Quitting my job now feels like a culmination of this. And you should know I have no idea what I am doing. Am I worried I will have no money coming in after August? Yes. Am I concerned I will have no where to live in 6 months? Definitely. Do I still hear a voice that occasionally tells me that I should be sensible? Of course. But I no longer feel the niggle of dissatisfaction, I feel as if my soul is running, making excited leaps at every decision I make that becomes more aligned to who I really am. I feel such a deep trust in the universe, that it drowns the fears that arise in one fail swoop.
So this Imbolc, when the natural world begins to stir, the first sign of the seeds sprouting emerge, I am feeling my own stirring deep within me. I am drawn back to the stories of the shedding of Winter this year more so than any other.

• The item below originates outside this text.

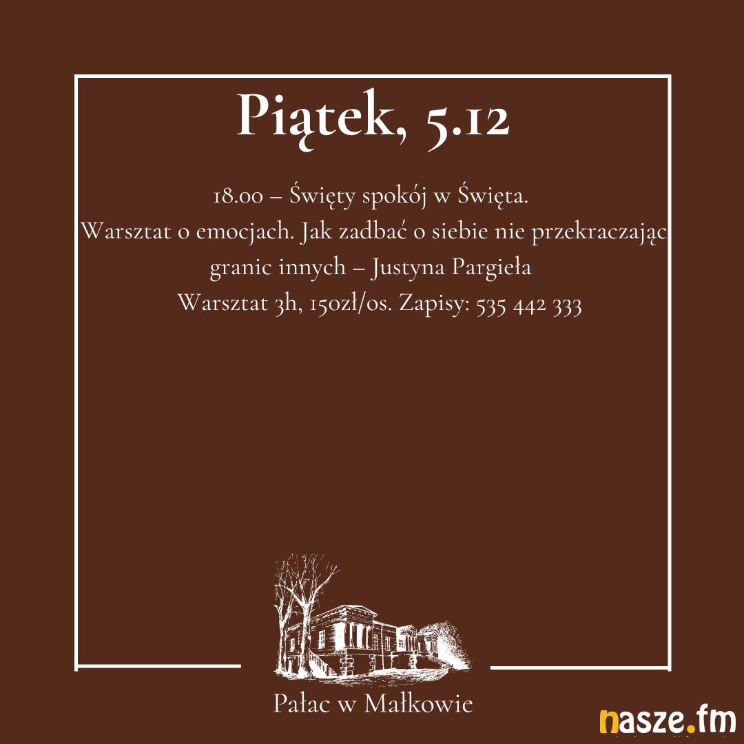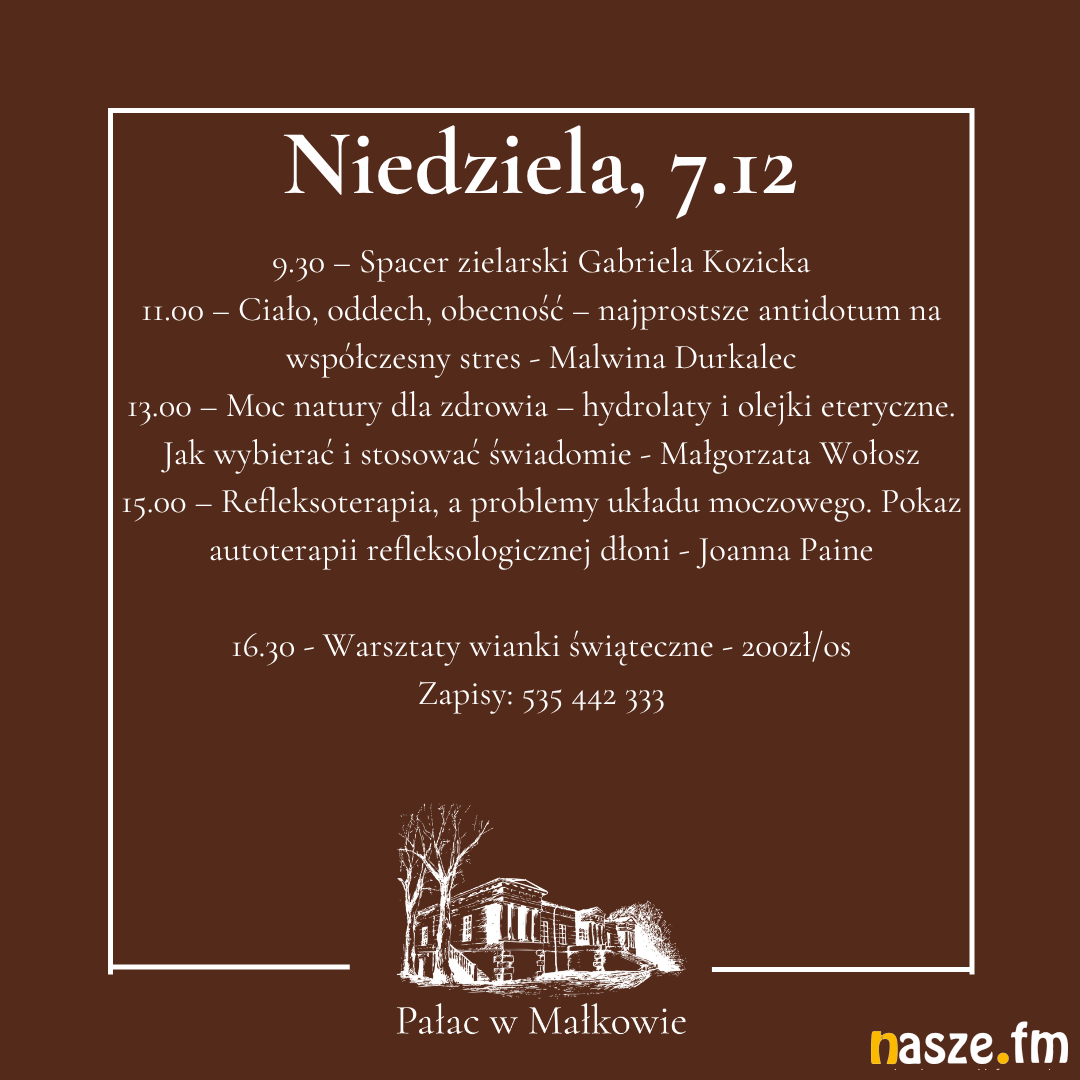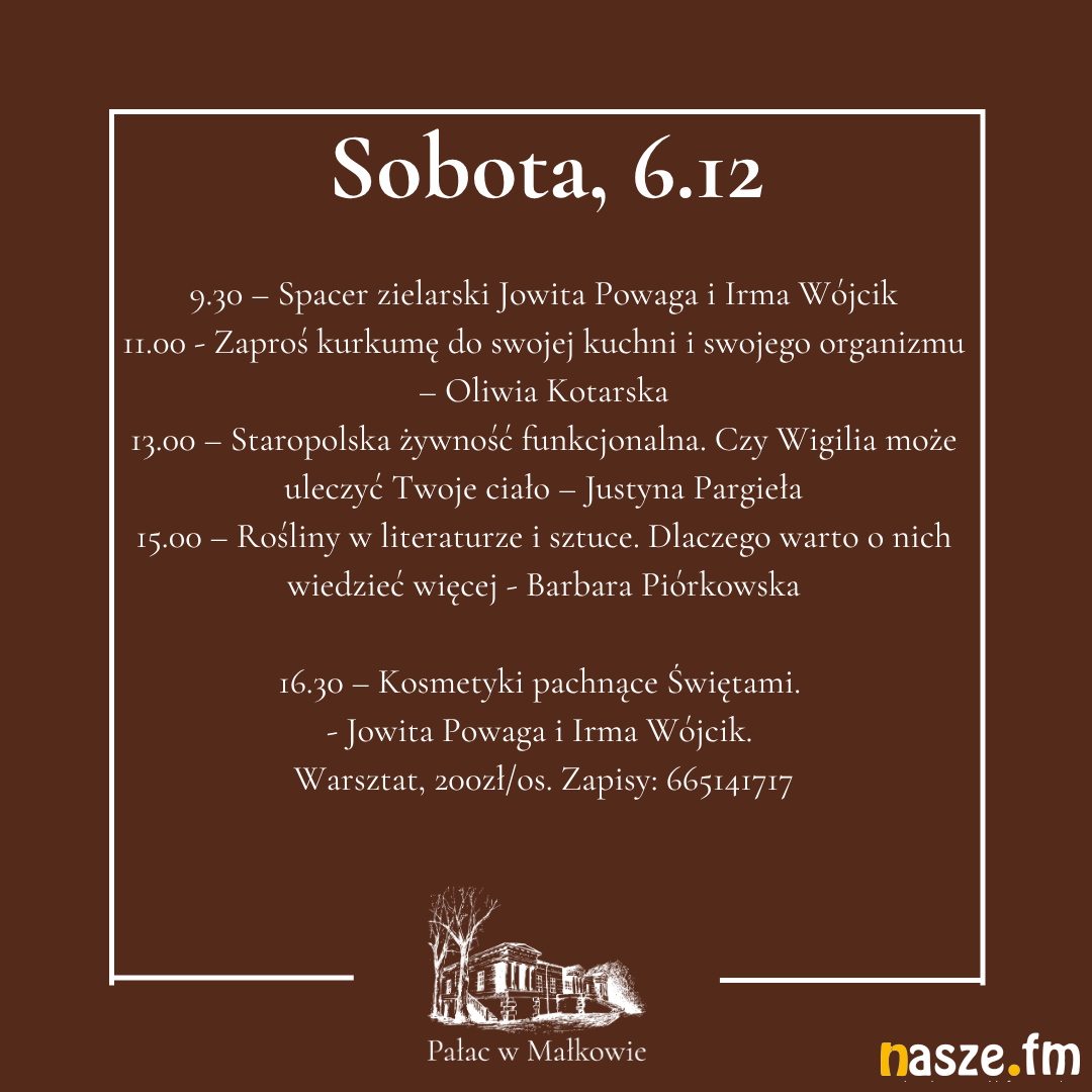 - Serdecznie zapraszam na kolejną odsłonę "Spotkania ze zdrowiem". Tym razem będzie to edycja zimowa, już około świąteczna. Będą wykłady, będzie kiermasz. A same wykłady to będzie ogrom wiedzy o zdrowiu, naturoterapii, o emocjach. Zaczniemy w piątek warsztatem tonizującym emocje związane ze świętami z Justyną Pargieła, a zakończymy warsztatem magicznych wianków świątecznych - zapowiada Agnieszka Kudlik-Budzińska, właścicielka pałacu w Małkowie.

This year feels as if I am shedding decades, perhaps lifetimes of winter, and I have been yearning to read stories that show me the greater meaning to this moment. The Wolves of Willoughby Chase was one of my favourite books as a child, and I have often imagined that moment they are surrounded by wolves in the depths of the forest. I now see it differently, as if here they are surrounded by their fears but are being challenged to show their bravery and their courage.
So here I go, out into the wild. Knowing that no job awaits me. I am comforted by the stirring of the seeds within. The quickening within my soul. This Imbolc feels more special, I feel spring in my bones. To celebrate these next few days I will be lighting candles, cooking up seeded cakes and spending time listening as my soul feels the stir.
Imbolc blessings to you all. Sending love and courage always.